PROCEEDINGS AND DEBATES OF THE 104th CONGRESS, 2nd SESSION
Washington, Monday, May 20, 1996
House of Representatives
VIOLENCE IN SLOVAKIA
Monday, May 20, 1996
VIOLENCE IN SLOVAKIA Honorable Christopher H. Smith of New Jersey
Mr. Speaker, I am alarmed by recent violence in Slovakia that may be part of a larger pattern of politically motivated violence. During the weekend of May 4-5, a device that may have been a handgrenade exploded in front of the home of Bela Bugar. Mr. Bugar is not only a member of the Hungarian minority's opposition coalition, he is also, according to opinion polls, its most popular member. Shortly before that incident, Robert Remias, a former policeman who has been questioned in connection with the kidnaping of President Michal Kovac's son last year, died when his propane-fueled BMW exploded.
Although it is not yet certain who is responsible for these acts, it is clear that violence coincides with politics in Slovakia at a suspiciously high rate.
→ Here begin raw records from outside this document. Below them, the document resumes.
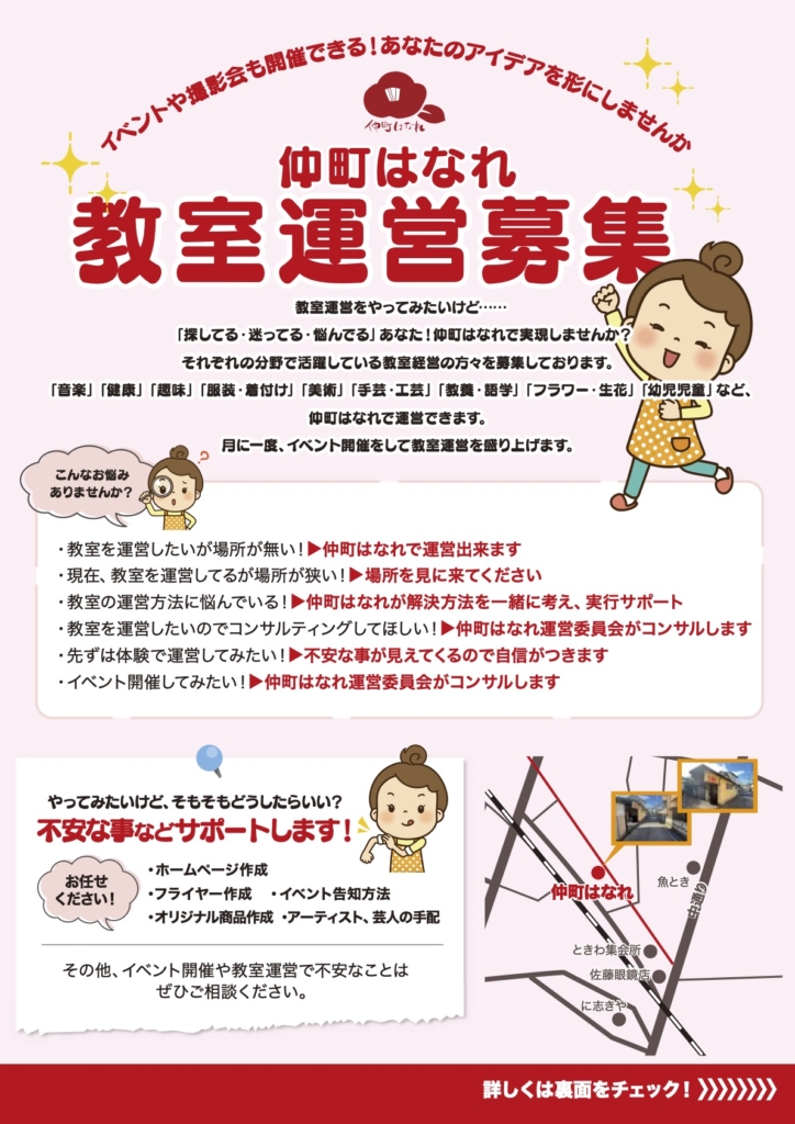 自由な発想でご自由にお使いいただける仲町はなれを活用し、素敵なお時間をお過ごし下さい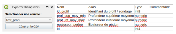 Ici, il s’agit par exemple d’exporter, dans un fichier .csv, certaines propriétés de champs d’une couche sélectionnée au préalable dans le projet QGIS.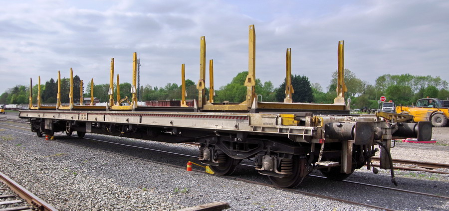 avec quelques photos de ce jour avec le wagon plat à bogies pour le Transport de traverses conditionnées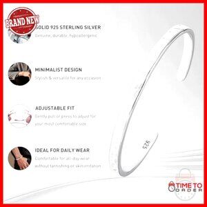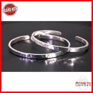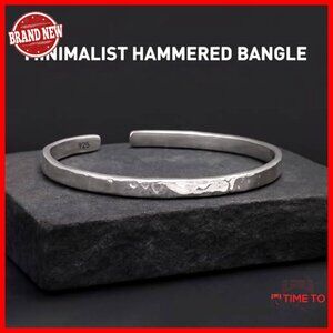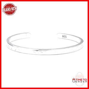 925 Sterling Silver Hammered Cuff Bangle Bracelet Minimalist Jewelry

I also recall, for example, that Frantisek Miklosko, the opposition leader of the Christian Democratic Movement, was assaulted by unknown attackers near his home last August; Peter Toth, a journalist investigating the Kovac case, has also been assaulted; last April, a bomb went off in the car of Arpad Matejka, a member of the Prime Minister's party.
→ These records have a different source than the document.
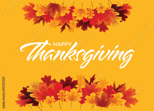 Happy Thanksgiving vector design with red, yellow, and orange fall maple leaves on orange background stock illustration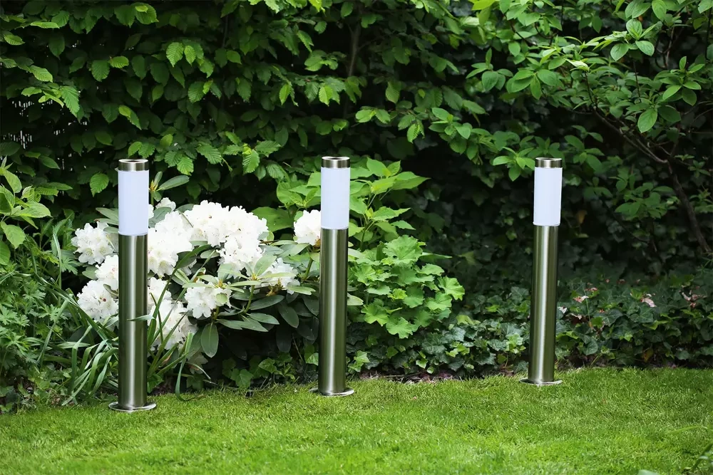 Garten Stehleuchte, runder Sockel für E27 Glühbirne | 230V Stromversorgung, Edelstahl | Inox, 65cm | LLR-65CM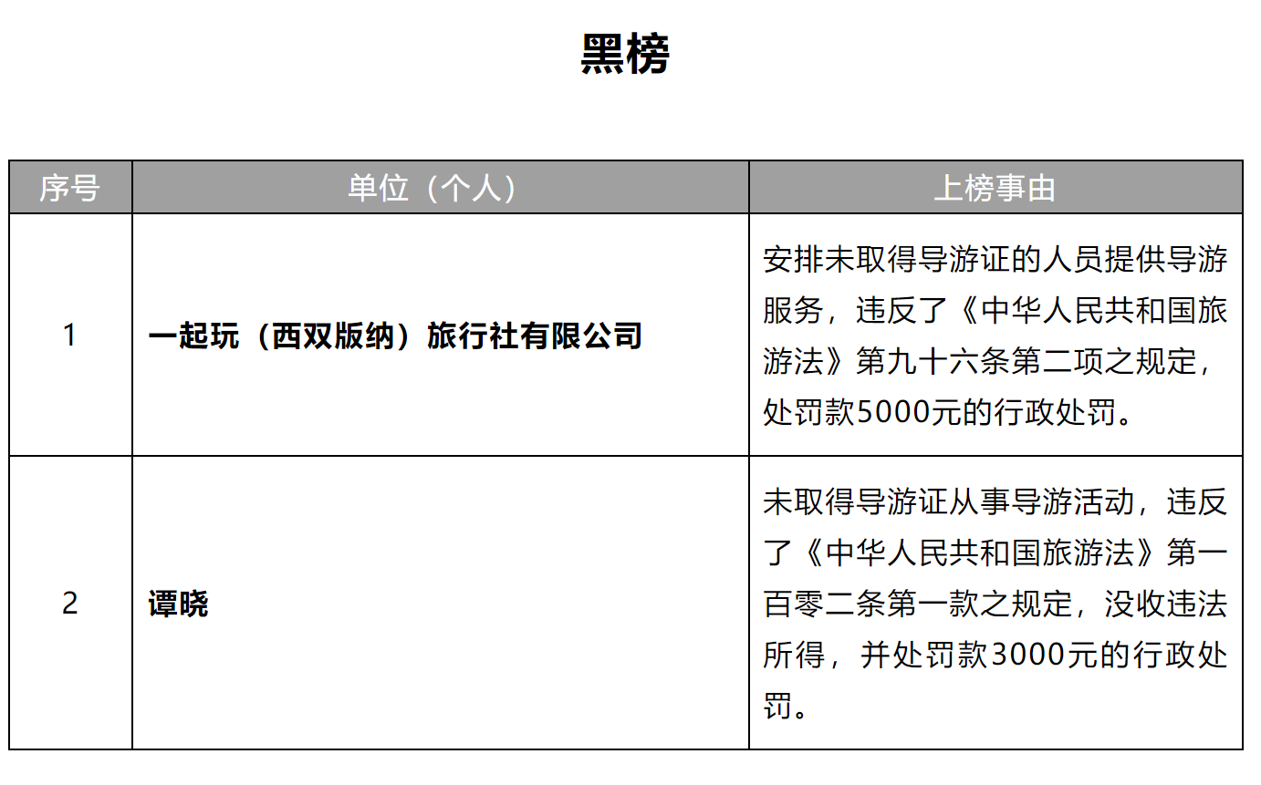 来源:“七彩云南文旅执法”微信公众号、“西双版纳文旅”微信公众号、昭通市文化和旅游局责编 邢梦芸校对 刘榕杉审核 于轩昂

The Helsinki Commission, which I chair, is no stranger to Slovakia. We were a close observer of developments there well before the breakup of the Czechoslovak Federation in 1992 and have issued two major reports on that country. Since last summer, I have been joined twice by Senator Alfonse D'Amato, the Commissions' cochairman, and the Commission's ranking minority members, Representative Steny H. Hoyer and Senator Frank Lautenberg, in sending letters to Slovak Ambassador Lichardus regarding continuing challenges to the democratization process in his country.
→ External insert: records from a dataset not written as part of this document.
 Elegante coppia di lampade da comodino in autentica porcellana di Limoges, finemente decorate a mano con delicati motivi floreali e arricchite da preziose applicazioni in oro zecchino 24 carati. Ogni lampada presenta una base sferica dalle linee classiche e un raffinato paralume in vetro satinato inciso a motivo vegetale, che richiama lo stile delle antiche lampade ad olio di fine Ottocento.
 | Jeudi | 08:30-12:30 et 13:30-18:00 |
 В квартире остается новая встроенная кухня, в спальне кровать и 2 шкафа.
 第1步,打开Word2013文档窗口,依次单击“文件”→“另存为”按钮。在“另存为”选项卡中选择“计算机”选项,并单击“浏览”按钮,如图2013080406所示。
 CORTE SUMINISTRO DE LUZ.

Although the Commission has raised a number of serious concerns in these letters, we have, remained generally optimistic about developments in Slovakia. Last week, for example, I hosted a conference in New Jersey on business opportunities in Central Europe, where I discussed some of the positive economic changes in Slovakia that are creating new opportunities for Slovak society as a whole. I appreciate the willingness of the Slovak Parliament to consider the views of a number of international interlocutors regarding draft legislation and note the active and constructive role of the President and the Constitutional Court in guiding the passage of legislation consistent with democratic values and human rights norms. I commend Prime Minister Meciar for his decision last week to seek, in his words, a wider democratic discussion of the draft law on the protection of the Republic. Most of all, I have been greatly heartened by the increasing involvement of Slovak citizens in all areas of public life.
The message sent by the most recent developments in Slovakia, therefore, is all the more discouraging. And that message is dangerous: take on a high political profile, and you are possibly a more visible--and more likely--target of violence.
I welcome the May 9 statement of the Government of Slovakia condemning acts of violence and promising a thorough investigation of these matters. I believe it is particularly important that the death of Robert Remias be examined in an open and transparent manner, in a manner that makes information available to all those concerned with this case, and in a manner that will foster credibility in its results.
Mr. Speaker, the Helsinki Commission will continue to follow closely developments in this case, and I expect to report further to this body as information becomes available.